13 Abril 2024
"O bóson de Higgs, cuja descoberta foi anunciada pelo CERN em 4 de julho de 2012, deu o toque final a um dos mais gloriosos empreendimentos científicos da história", escreve José Edelstein, físico teórico, professor da Universidade de Santiago de Compostela, Espanha, em artigo publicado por Página|12, 12-04-2024.
Era chamada de partícula de Deus, mas era a partícula dele: o bóson de Higgs. A última peça, por enquanto, do Modelo Padrão.
O olhar intenso de Peter Higgs desapareceu. Seus melancólicos olhos âmbar-acinzentados, pequenos e vivos, fechavam-se para sempre atrás das espessas sobrancelhas. Não sobrou ninguém neste mundo que possa se orgulhar de ter previsto uma partícula elementar. O bóson de Higgs, cuja descoberta foi anunciada pelo CERN em 4 de julho de 2012, deu o toque final a um dos mais gloriosos empreendimentos científicos da história.
Há pouco mais de seis décadas, a arquitetura da física de partículas, os seus constituintes e leis, estava a ser descoberta a grande velocidade enquanto uma questão fundamental persistia e crescia: qual é a origem da massa? A matemática, essa linguagem elegante em que a natureza nos sussurra os seus segredos, assegurou enfaticamente que as partículas pontuais, desprovidas de tamanho, não tinham onde alojar a sua massa. Higgs concebeu a possibilidade de que esta fosse uma propriedade adquirida pelas partículas ao habitarem um meio com características muito especiais: o vácuo quântico. Ele propôs detalhadamente o mecanismo em meados de 1964 e concluiu que, se fosse verdade, o próprio vácuo seria capaz de gerar uma nova partícula, radicalmente diferente de todas as partículas conhecidas, a única que não possui spin: o bóson de Higgs.
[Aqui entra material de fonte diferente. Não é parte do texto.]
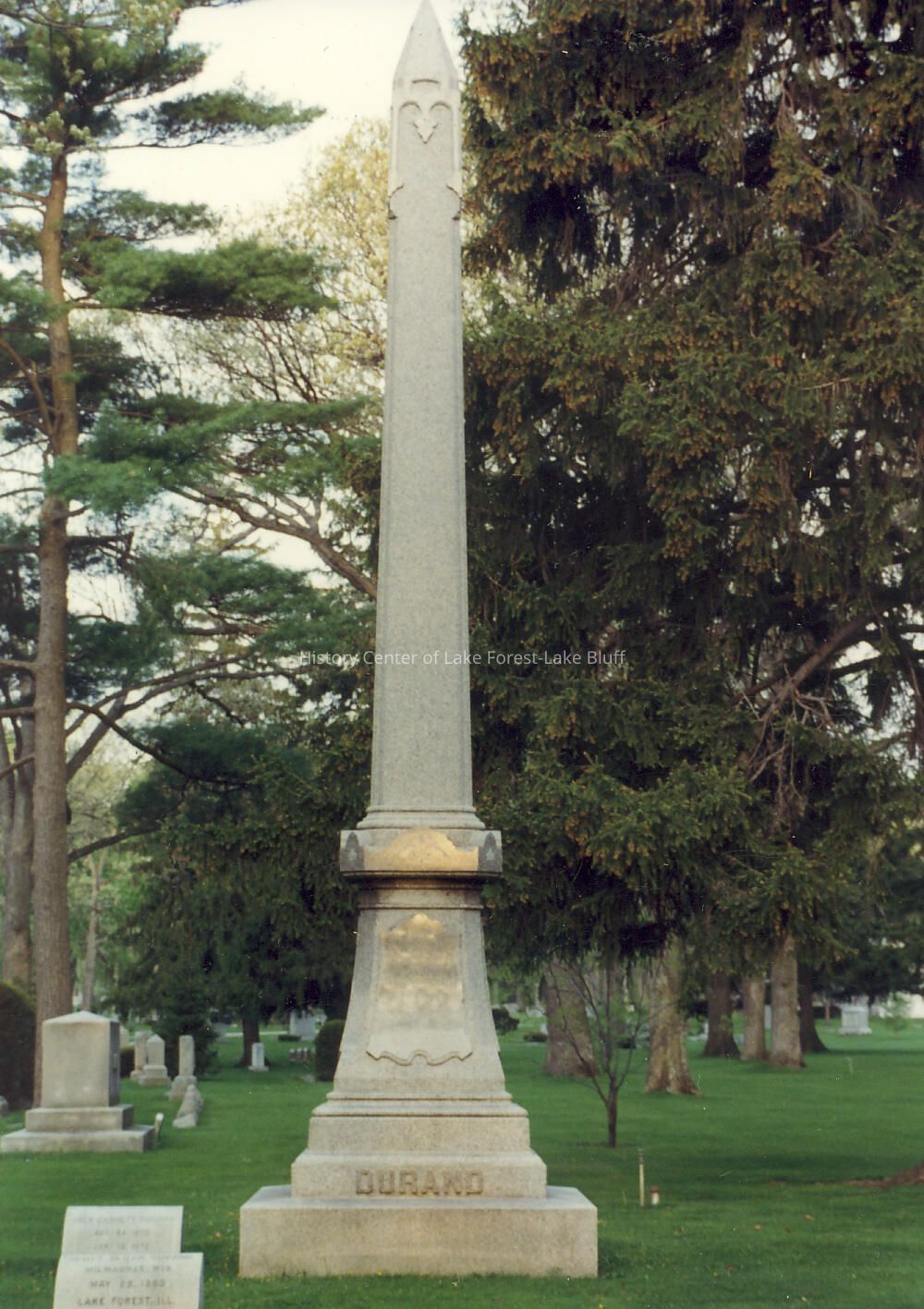 Gravestone in Lake Forest Cemetery. negatives included Durand family

Somente em 1976 se entendeu como poderiam ser encontradas pistas que revelassem esse novo habitante do zoológico de partículas elementares, mas sua descoberta exigiu a construção de mais de um colisor. Como se fosse o Santo Graal, a sua natureza indescritível apenas aumentou a sua fama e agitou as asas do desejo da comunidade científica. A espera durou meio século. A astúcia de um editor sugeriu chamá-la de “a partícula de Deus”, conferindo status divino a este homem tímido e bem-humorado nascido em Newcastle Upon Tyne em 1929.
Peter Higgs era um homem extremamente austero e introvertido por quem houve simpatia imediata. Filho único, com episódios de asma que o obrigaram a passar longos períodos sem ir à escola na infância, era, nas suas próprias palavras, “uma criança pouco sociável”. Sua mãe fazia questão de que o pequeno Peter estudasse e, aparentemente, ela era uma excelente professora: “Graças às aulas da minha mãe, ele estava bem à frente dos meus colegas”. Frequentou a escola secundária em Bristol, na Cotham Grammar School, que Paul Dirac frequentou. Curiosamente, ambos previram a existência de uma nova partícula com argumentos teóricos, tão sofisticados quanto elegantes, e tanto o pósitron quanto o bóson de Higgs foram encontrados. A propósito, ninguém poderia imaginar, na altura da sua descoberta, que no século XXI os pósitrons salvariam milhões de vidas através da sua utilização em diagnóstico por imagem.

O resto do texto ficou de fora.